L’oreille bouchée des papys voyageurs

On l’attendait d’autant plus que l’album précédent laissait entendre qu’on était dans une sorte de cycle à l’intérieur de cette série Les vieux fourneaux. Ce sixième album qu’est L’oreille bouchée reste dans le même état d’esprit, tout en réservant quelques bonnes surprises. Dans cette période de pandémie où les sorties sont souvent bouleversées par les imprévus qui touchent le secteur de l’édition, c’est déjà une bonne nouvelle.

On ne change pas une équipe qui gagne. Voici donc Pierrot et Antoine, dignes représentants du troisième âge, invités par leur copain Mimile à le rejoindre en Guyane (le titre de l’album est donc une discrète allusion à Tintin, puisque c’est dans L’oreille cassée que celui-ci va en Amérique du sud). Pourquoi ce voyage ? Ils l’apprendront sur place, après avoir profité des billets d’avion fournis généreusement par Mimile.

Changer le monde

Il n’y a pas grand risque à parier que cet album trouvera sa place dans la série, peut-être pas aux côté des tout meilleurs, mais parmi ceux qui en constituent l’esprit. À ce titre, le prologue parisien s’illustre par une bonne continuité avec les précédents, puisque Pierrot le grincheux poursuit ses actions coup-de-poing au gré de ses observations sur le monde (le nôtre), dans lequel il se débat. Déclarée d’intérêt public, l’association « Ni yeux ni maître » (au nom à consonance clairement anarchiste) organise des actions visant à éclairer nos concitoyens sur ce que nous pouvons tenter de changer, avec les moyens du bord.

Souvenirs, souvenirs

L’album joue avec intelligence sur les souvenirs d’enfance des protagonistes, qui aimaient les aventures de pirates, avec leurs bagarres et leurs caches de trésors. Au chapitre des souvenirs, nous apprenons également que, parmi ceux que Pierrot a laissés derrière lui, certains ne sont pas franchement lumineux. Ainsi, du temps de ses années d’étudiant, il se gargarisait de grandes phrases et de belles intentions, sans se soucier de qui les écoutait et de l’effet qu’elles produisaient. Il va apprendre à ses dépens que les vieux souvenirs pourraient peut-être l’aider à rattraper de vieilles gaffes. Encore faudrait-il que les souvenirs reviennent à la surface de son cerveau.

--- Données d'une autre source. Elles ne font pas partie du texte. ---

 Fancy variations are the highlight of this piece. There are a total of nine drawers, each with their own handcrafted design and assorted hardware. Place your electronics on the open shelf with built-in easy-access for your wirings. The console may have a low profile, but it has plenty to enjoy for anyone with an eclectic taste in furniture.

Une association qui fonctionne

Et puis, l’album nous emmène dans la jungle amazonienne et nous réserve une énorme surprise tout à fait dans l’esprit des causes défendues par les personnages et donc par les auteurs, Wilfrid Lupano au scénario (toujours assez astucieux) et Paul Cauuet au dessin (séduisant, aussi bien dans les attitudes des personnages que les décors et une bonne tripotée de détails), sans oublier les couleurs signées Jérôme Maffre.

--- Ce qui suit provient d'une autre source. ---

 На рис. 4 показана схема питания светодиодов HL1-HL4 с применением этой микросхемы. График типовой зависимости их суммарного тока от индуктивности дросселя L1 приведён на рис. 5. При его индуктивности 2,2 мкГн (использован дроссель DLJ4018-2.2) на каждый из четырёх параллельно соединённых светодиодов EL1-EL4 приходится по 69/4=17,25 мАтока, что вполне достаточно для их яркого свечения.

Pour ne pas se contenter de l’admiration béate

Si la série est un réel succès public, il ne faudrait pas oublier de signaler quelques points de réticence. Déjà, à part que Pierrot se montre éternellement grincheux, nos papys mêlent comportements de leur âge et postures presque djeunes (voir leur langage parlé), à l’image de leurs attitudes de grands enfants. Même si l’ensemble est toujours très astucieusement mis en scène, on sent la volonté de séduction visant à réhabiliter le troisième âge aux yeux de la nouvelle génération (consommatrice de BD), puisque cette ancienne génération (qui fait des cadeaux aux jeunes lecteurs-lectrices de BD), constitue le moteur de la série. Au chapitre de cette volonté de séduction, on peut ajouter ces personnages affichant une perpétuelle bonne humeur, à l’image de Sophie qu’on retrouve comme par hasard lancée dans une action pédagogique au cœur de la région amazonienne où nos papys sont invités. Cauuet a certainement bien retenu la leçon venue du pays du soleil levant, avec les yeux grands ouverts des personnages de manga : il l’adapte astucieusement à la sauce européenne. Enfin, pour des personnages qui sont à fond derrière toutes les causes écologiques, on remarque qu’ils acceptent sans la moindre réticence un voyage en avion, alors qu’on sait pertinemment que ce moyen de transport est (de loin) le plus polluant. On avancera évidemment que pour traverser l’océan, tout autre moyen envisagé serait ridicule. La conclusion ici, c’est que ce choix est un mal pour un bien.

Une cause à défendre

On notera que l’album s’illustre par son rythme soutenu et par de nombreuses situations qui font sourire. L’état d’esprit grincheux de Pierrot est au centre de la plupart. Il a notamment quelques démêlés avec le singe juché sur ses épaules de l’illustration de couverture. Détail troublant, on n’a aucun mal à identifier Pierrot dans cet album car il est nommé et appelé un nombre incalculable de fois, alors que son acolyte reste vraiment au stade du comparse quasiment jamais nommé. Pour conclure, on peut considérer que le titre fait une autre allusion à Tintin : le capitaine Haddock et ses oreilles bouchées dans Vol 714 pour Sydney. Il reste à espérer que le message économico-écologique ouvrira non pas quelques oreilles, mais quelques yeux.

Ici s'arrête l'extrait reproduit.